Design and construction
- Architect: Edwin Cooper

Listed Building – Grade II
- Official name: National Westminster Bank
- Designated: 10 November 1977
- Reference no.: 1064599

= National Westminster Bank, London =

Office building in London, England

The National Westminster Bank at 1 Prince's Street is a Grade II listed office block that stands on Prince's Street overlooking Bank Junction in the City of London.

== History ==
The building was built between 1929 and 1932 for the National Provincial Bank, whose later 1970 merger with the National Westminster Bank gives it its commonly used modern name. Built around the same time as the new Bank of England across Bank Junction, the new building usefully provided office space nearby, but the bank's headquarters remained in Bishopsgate.

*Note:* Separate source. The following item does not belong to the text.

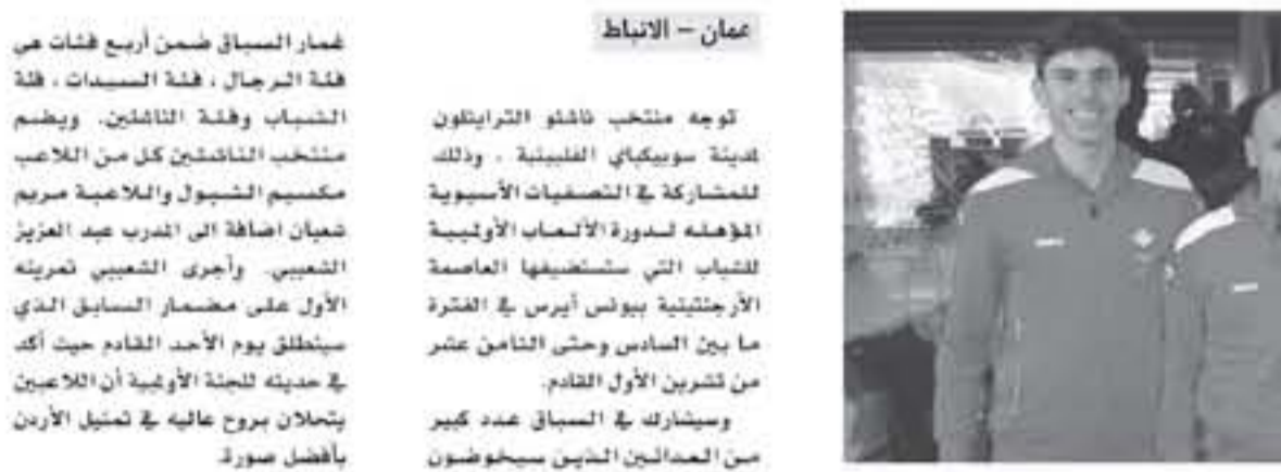
عمان - الألباط

توجه منتخب ناشئو الترايثلون لاجتماع سويكاي الفلبينية . وذلك للمشاركة في التصفيات الآسيوية المؤهلة لدورة الألعاب الأولمبية للشباب التي ستعقد في العاصمة الأرجنتينية بيونس آيرس في الفترة ما بين السادس وحتى الثامن عشر من تشرين الأول القادم. وسيشارك في المسابق عدد كبير من اللاعبين الذين سيحوضون

Between 1994 and 1997, T. P. Bennett carried out redevelopment of the building, retaining its historic facade as well as the banking hall. In 2025, Zedwell announced plans to transform the building into a budget hotel.

== Design ==
The designs were provided by Sir Edwin Cooper, an eminent architect in the City of London in the early 20th-century. According to Philip-Ward Jackson he would become known as "the man who had designed more buildings in the City of London than any architect since Sir Christopher Wren". Having completed the 1922 Port of London Authority headquarters and 1928 Lloyd's Building, the National Westminster Bank building was relatively restrained in comparison.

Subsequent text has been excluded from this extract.